__What you will do__. Beneath this instruction is a block of data; output from it exactly the lines that run from the one containing "Streep knit roze bruin" through the one containing "They decided on", inclusive.

__Supplied material__.
###
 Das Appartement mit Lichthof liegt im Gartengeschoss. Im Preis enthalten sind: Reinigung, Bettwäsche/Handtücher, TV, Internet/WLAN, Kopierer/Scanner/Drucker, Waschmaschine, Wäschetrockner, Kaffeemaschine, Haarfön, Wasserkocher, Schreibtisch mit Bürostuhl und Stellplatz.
###
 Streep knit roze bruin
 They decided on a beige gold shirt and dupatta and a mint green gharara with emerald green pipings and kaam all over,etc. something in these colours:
###
__Answer for the task__.
 Streep knit roze bruin
 They decided on a beige gold shirt and dupatta and a mint green gharara with emerald green pipings and kaam all over,etc. something in these colours:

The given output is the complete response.